(INSTRUCTIONS TO FOLLOW): In the data below, the answer is the run of lines from the line containing "The track itself" through the line containing "Scaffold Shopper tote", both included; print it exactly and nothing else.

(SUPPLIED RECORDS):
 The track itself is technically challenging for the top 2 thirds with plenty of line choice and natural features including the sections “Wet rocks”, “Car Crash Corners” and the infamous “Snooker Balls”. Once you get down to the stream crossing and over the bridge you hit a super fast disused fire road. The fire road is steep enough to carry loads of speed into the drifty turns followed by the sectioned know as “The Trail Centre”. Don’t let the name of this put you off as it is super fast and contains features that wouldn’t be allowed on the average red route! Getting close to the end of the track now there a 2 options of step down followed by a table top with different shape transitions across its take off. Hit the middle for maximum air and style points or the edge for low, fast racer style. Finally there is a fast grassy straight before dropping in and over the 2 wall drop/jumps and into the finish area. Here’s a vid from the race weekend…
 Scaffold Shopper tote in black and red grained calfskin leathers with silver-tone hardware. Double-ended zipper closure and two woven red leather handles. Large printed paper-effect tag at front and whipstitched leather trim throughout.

--

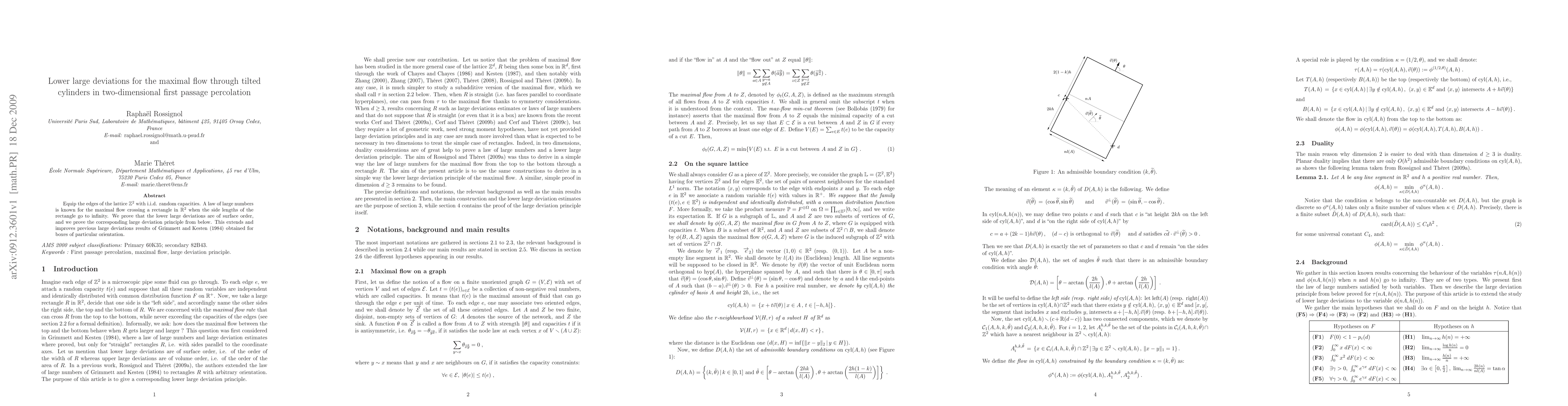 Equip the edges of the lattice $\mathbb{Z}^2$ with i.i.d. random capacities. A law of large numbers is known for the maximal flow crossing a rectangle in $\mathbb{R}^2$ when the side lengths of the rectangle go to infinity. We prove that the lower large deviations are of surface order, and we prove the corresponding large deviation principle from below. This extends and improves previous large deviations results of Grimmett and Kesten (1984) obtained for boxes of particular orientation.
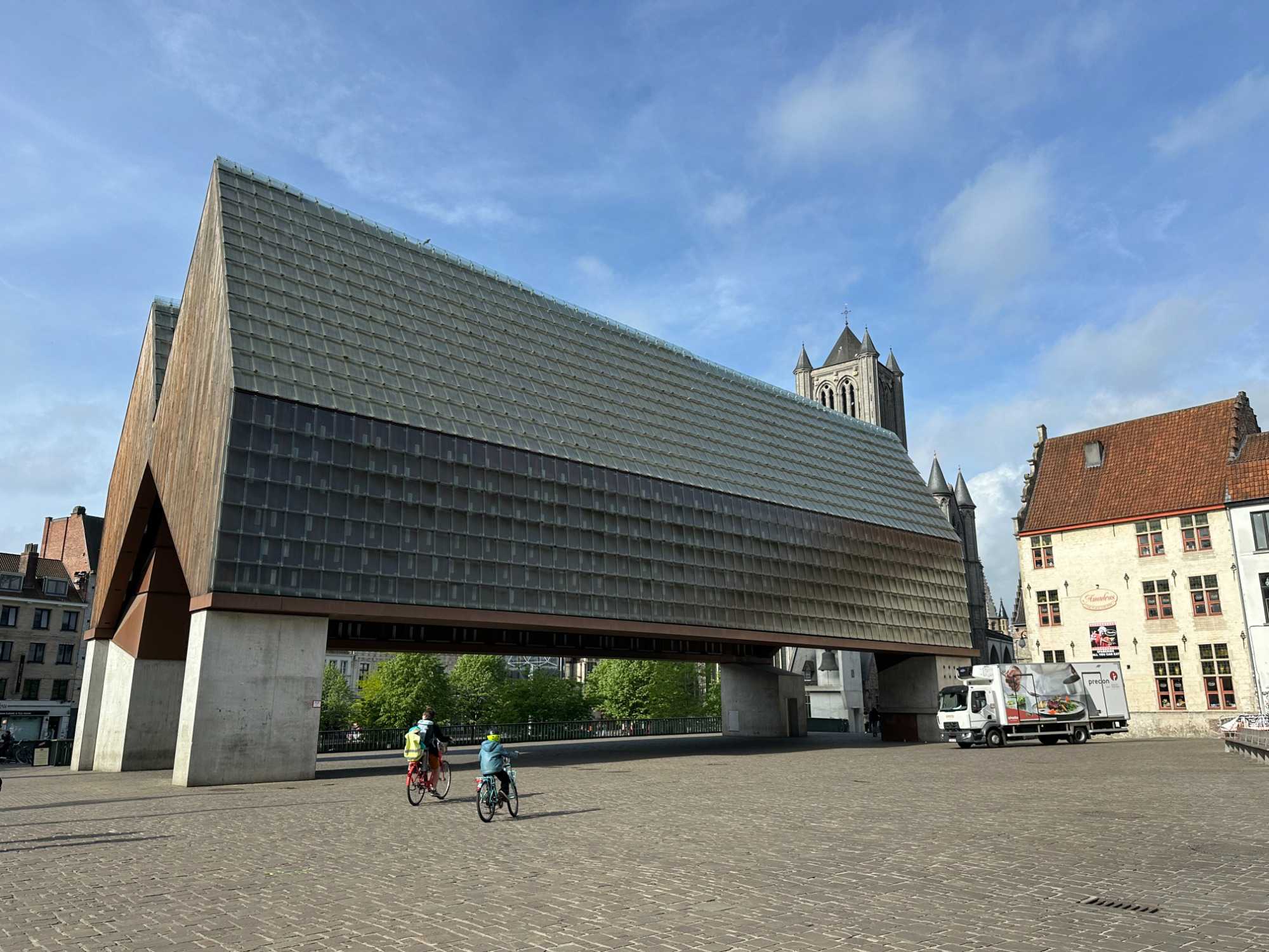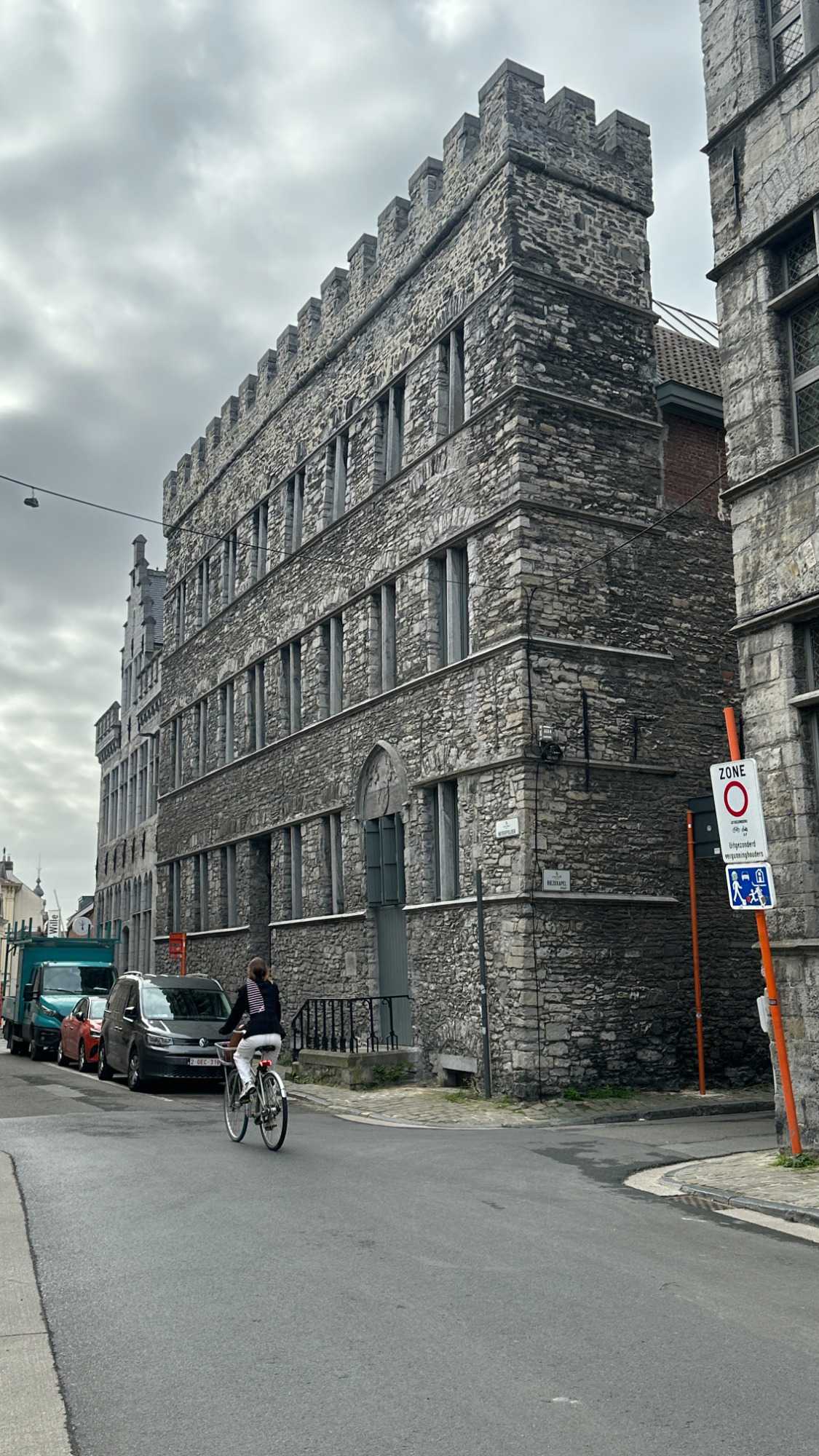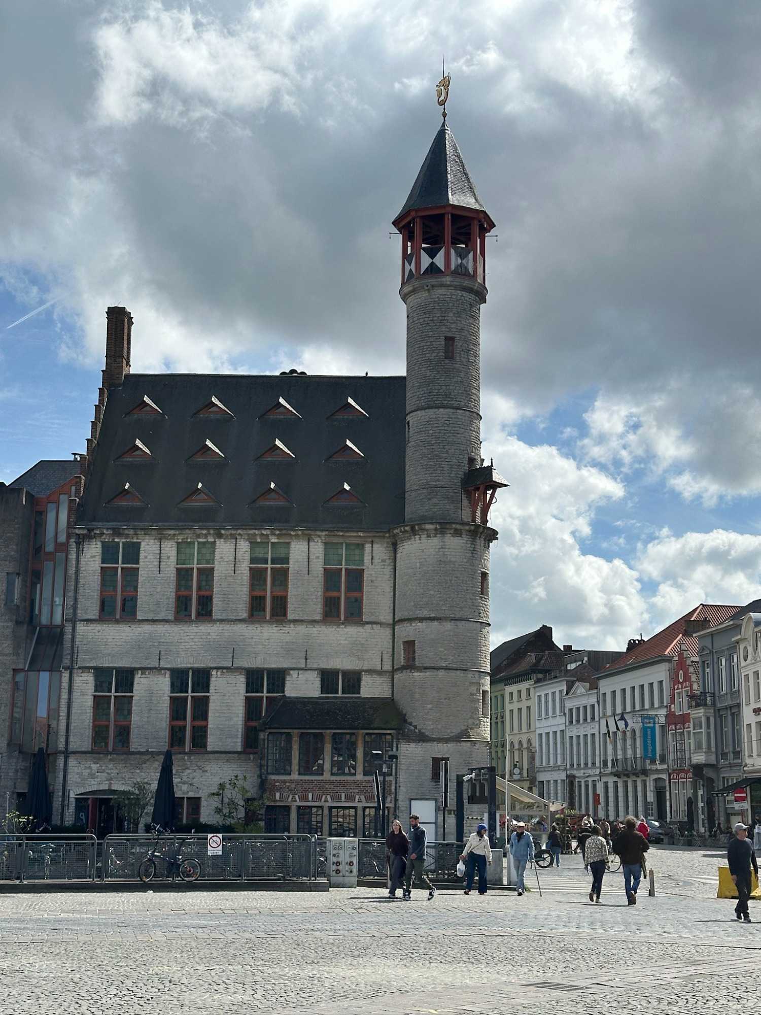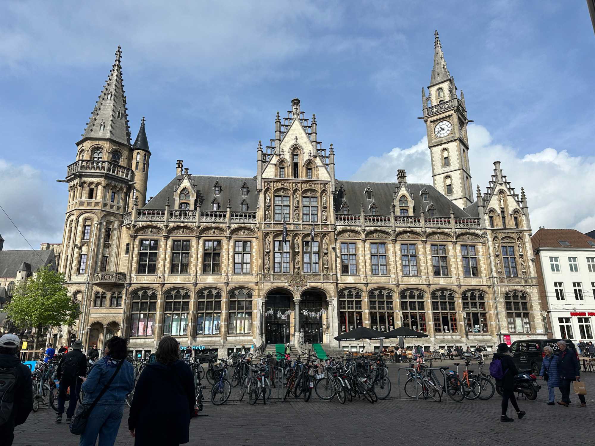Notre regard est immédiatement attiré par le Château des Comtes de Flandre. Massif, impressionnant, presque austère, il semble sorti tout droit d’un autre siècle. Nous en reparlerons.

==

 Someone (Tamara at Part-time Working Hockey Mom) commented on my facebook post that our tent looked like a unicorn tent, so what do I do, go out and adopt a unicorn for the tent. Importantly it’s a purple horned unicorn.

(SOLVED EXERCISE):
 The track itself is technically challenging for the top 2 thirds with plenty of line choice and natural features including the sections “Wet rocks”, “Car Crash Corners” and the infamous “Snooker Balls”. Once you get down to the stream crossing and over the bridge you hit a super fast disused fire road. The fire road is steep enough to carry loads of speed into the drifty turns followed by the sectioned know as “The Trail Centre”. Don’t let the name of this put you off as it is super fast and contains features that wouldn’t be allowed on the average red route! Getting close to the end of the track now there a 2 options of step down followed by a table top with different shape transitions across its take off. Hit the middle for maximum air and style points or the edge for low, fast racer style. Finally there is a fast grassy straight before dropping in and over the 2 wall drop/jumps and into the finish area. Here’s a vid from the race weekend…
 Scaffold Shopper tote in black and red grained calfskin leathers with silver-tone hardware. Double-ended zipper closure and two woven red leather handles. Large printed paper-effect tag at front and whipstitched leather trim throughout.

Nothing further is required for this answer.